Caribbean chef Hasan Defour does not have to go far to source ingredients for his restaurants here.
In fact, he can find all that he needs in Singapore for the Caribbean dishes served at Lime House in Jiak Chuan Road and its sister outlet Lime Deli in Telok Ayer.
He says: "People always ask us how much we import from back home. But everything can be found here. It's just that in Singapore, the ingredients have different names."
The London-based Defour, who runs Caribbean catering company Defour Catering, returns every few months to check on the restaurants and introduce new dishes.
He says that what is called a Kerala banana back home is called a plantain here. Also, the roselle plant is known as Jamaican sorrel.
Life! joins the 37-year-old chef, who was born in Trinidad and Tobago, on a trip to Tekka Market in Little India, one of his favourite places to look for ingredients.
As he walks through the market, he picks up various vegetables and fruits, and asks the shop owners about those unfamiliar to him.
Proving his point about the ingredient name game, he picks up a starfruit and says: "This fruit, we call it five finger back home.

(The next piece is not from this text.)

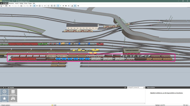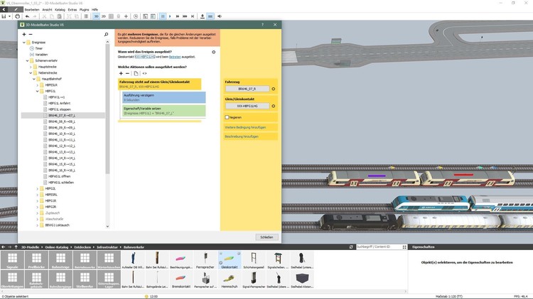 Hallo Roter Brummer, deine Mini-Experimente mit V6 sind sehr inspirierend. Habe aus deiner Mini-Anlage "ME 12 Abkuppeln einer Tenderlokomotive" das Ereignis "Kupplung lösen" in meiner Anlage in das Ereignismodul "2Schienenverkehr-Rangierbahnhof-Ablaufberg-Zug trennen eingearbeitet. Im ersten Versuch hatte ich alle Waggongruppen, die getrennt werden sollen gleich lang. Sah nicht so besonders aus. Jetzt habe ich verschieden lange Waggongruppen und einzelne Waggons zum Trennen eingerichtet. Allerdings sind es jetzt 14 Ereignisse mehr - für jede Gruppe ein Ereignis. Vielleicht geht's auch einfacher, aber dafür reichen meine EV-Kenntnisse noch nicht. Da muss ich mir bei euch Experten noch einiges Abgucken. Im Anhang habe ich mal ein paar Bilder und die Anlage im derzeitigen Entwicklungsstand mitgeschickt. Gruß Frank V6_Oberrrrroller_1_03_2.mbp

You see, it's just names, really."
Upon seeing tapioca, he makes a note to use it for side dishes.
Next, he picks up lemongrass and says that it is not used for cooking back home. Instead, it is used to make tea and drunk as medicine.
He chances upon dried ikan kurau (Malay for threadfin) and buys a packet, as he is hoping to use it as an alternative to salt cod.
But while he has had to substitute certain ingredients here and admits that sweet potatoes in the Caribbean islands have "more intense" flavours, he insists that the Caribbean taste here is not compromised.
He says: "The food doesn't taste different because the process of cooking is Caribbean. Our food is heavily marinated. Jerk chicken is marinated overnight. It is no less flavoursome."
Thyme and coriander, he says, are key ingredients for jerk seasoning, which he also calls "green seasoning" and says that each island has its own version.
He also has a roasted blend of fenugreek, mustard seed, caraway, cumin, chilli and turmeric, which he recommends for rubbing on meats.
Waxing lyrical about the diverse cultures of the Caribbean islands, with their French, Spanish, Indian and Portuguese influences, the chef, who is also a cooking show host, makes sure he showcases that diversity at Lime Deli.
Offerings include curry goat, considered a Trinidadian and Jamaican dish; and Doubles, a common street food from his hometown. It is a fried bread sandwich filled with spicy chickpeas and mango chutney and reflects Indian influences on the islands.
Spicy food is certainly not an issue for him, as he dismisses the local chilli padi as a walk in the park for him.
Naming spicy peppers, he says confidently: "A scotch bonnet will blow off the top of your head. What's hotter? A scorpion pepper. I can eat that too. No problem."
The chef, whose dreadlocks are tied into a bun, attracts attention in the market.
Curious stall owners whispers to Life!: "Is his hair real?" and "How does he wash it?"
A small group of Indian stall owners forms a mini audience as Life! speaks to him in the market. At the end, he releases his bun of hair to a chorus of oohs and aahs.
"I'm used to it," he says with much amusement. "And there is no secret to how I wash my hair. Soap and water, like everyone else."